After lunch, we took in the view from the rooftop terrace; Daniel read a book in the hammock and I had to admonish Cristobal to get off the wall overhanging the tile roof. Hugo took a cell phone call from his girlfriend, who’s only 15 to his 20 years. After confirming her driving schedule for starting radiation treatments in a couple of weeks (God bless you, Mary), we dropped Lupita and the boys home back across town and up the hill, making several detours around the street work done by local crews in Teotitlán’s usos y costumbres system of providing municipal services by volunteer duty rather than federal taxes.
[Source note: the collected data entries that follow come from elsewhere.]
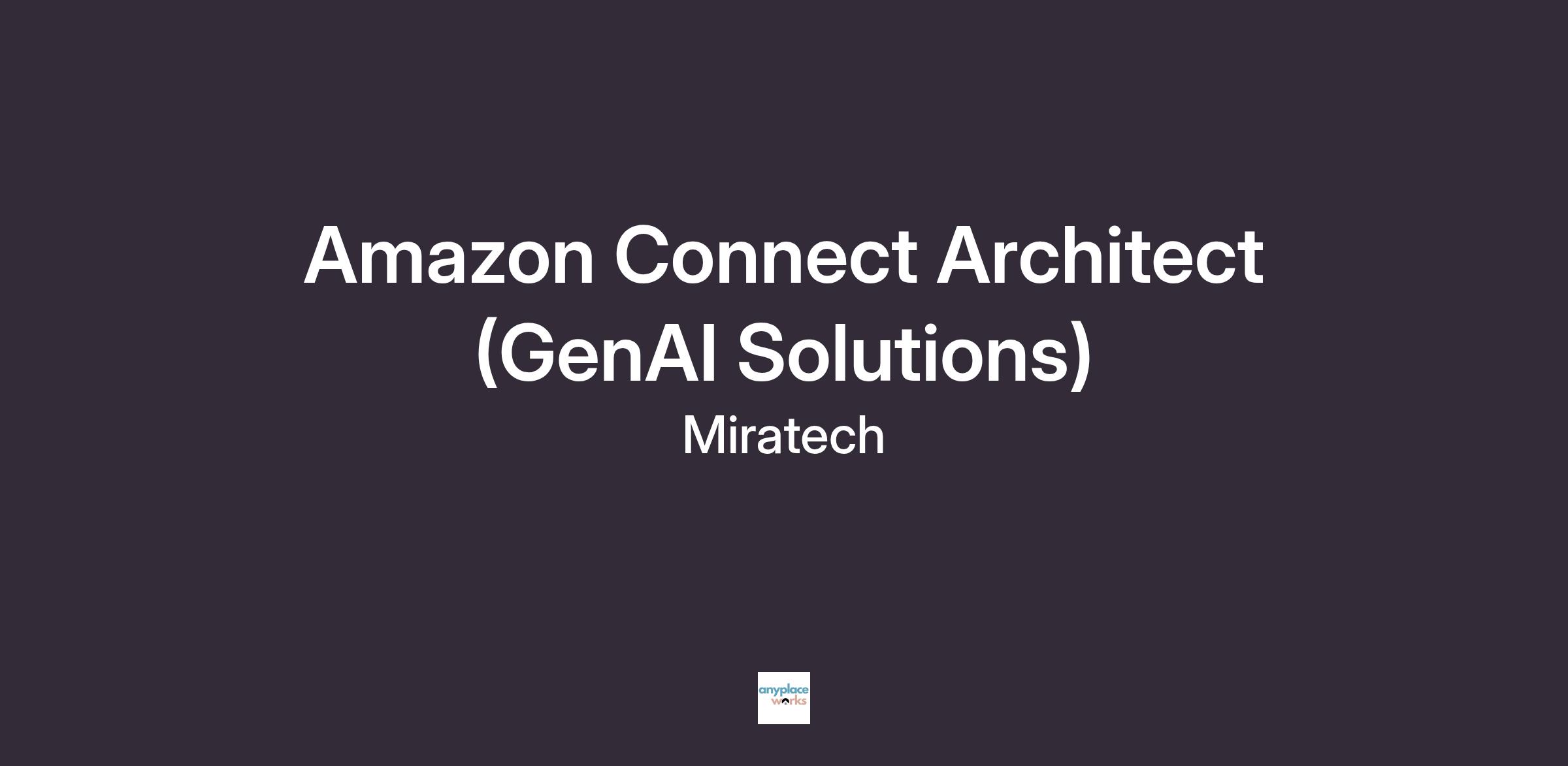We are looking for an experienced AWS Architect to design, develop, and optimize scalable and secure digital contact center solutions using Amazon Connect and modern GenAI technologies. The ideal candidate will lead architecture initiatives, integrate enterprise systems, and deliver intelligent customer and agent experiences through automation, LLMs, and real-time data workflows.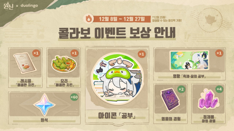 3일 연속 학습 퀘스트를 완료한 이용자는 2025년 12월 30일 23:59:59까지 듀오링고 애플리케이션의 ‘상점’ 탭에서 리딤 코드를 수령할 수 있으며, 2026년 1월 31일 15:59:59까지 원신 인게임 보상으로 교환할 수 있다. 보상을 획득하기 위해 3일 연속 학습 퀘스트에 마지막으로 참여할 수 있는 일자는 2025년 12월 25일이다.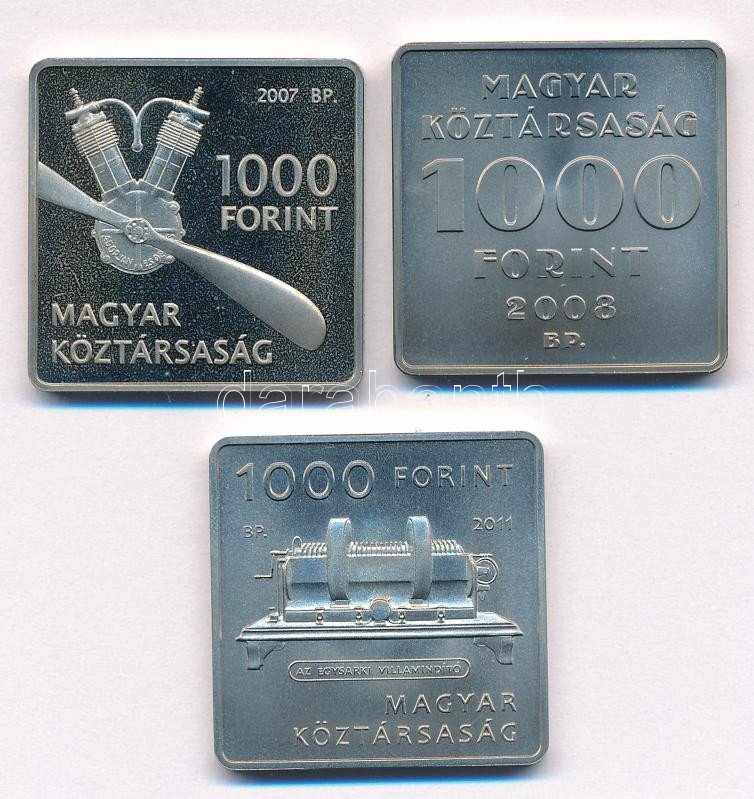 Leírás: 2007. 1000Ft Cu-Ni "Adorján János - Libelle" kapszulában + 2008. 1000Ft Cu-Ni "Telefonhírmondó - Puskás Tivadar" kapszulában + 2011. 1000Ft Cu-Ni "Jedlik Ányos - a Dinamó-elv leírója" kapszulában T:PP,BU

Rather than drop me off to take a bus or taxi home, Mary offered to drive me back into the city, though we detoured back to her house in Huayapam to pick up her dog and take him for an afternoon ride. She dropped me off right at my gate, and it started to rain only after I was already inside. That was about 6:30, so it was more or less a 5-hour lunch date, transportation and all. Nothing’s exactly easy here. But I wouldn’t have it any other way. It so makes you appreciate the ordinary.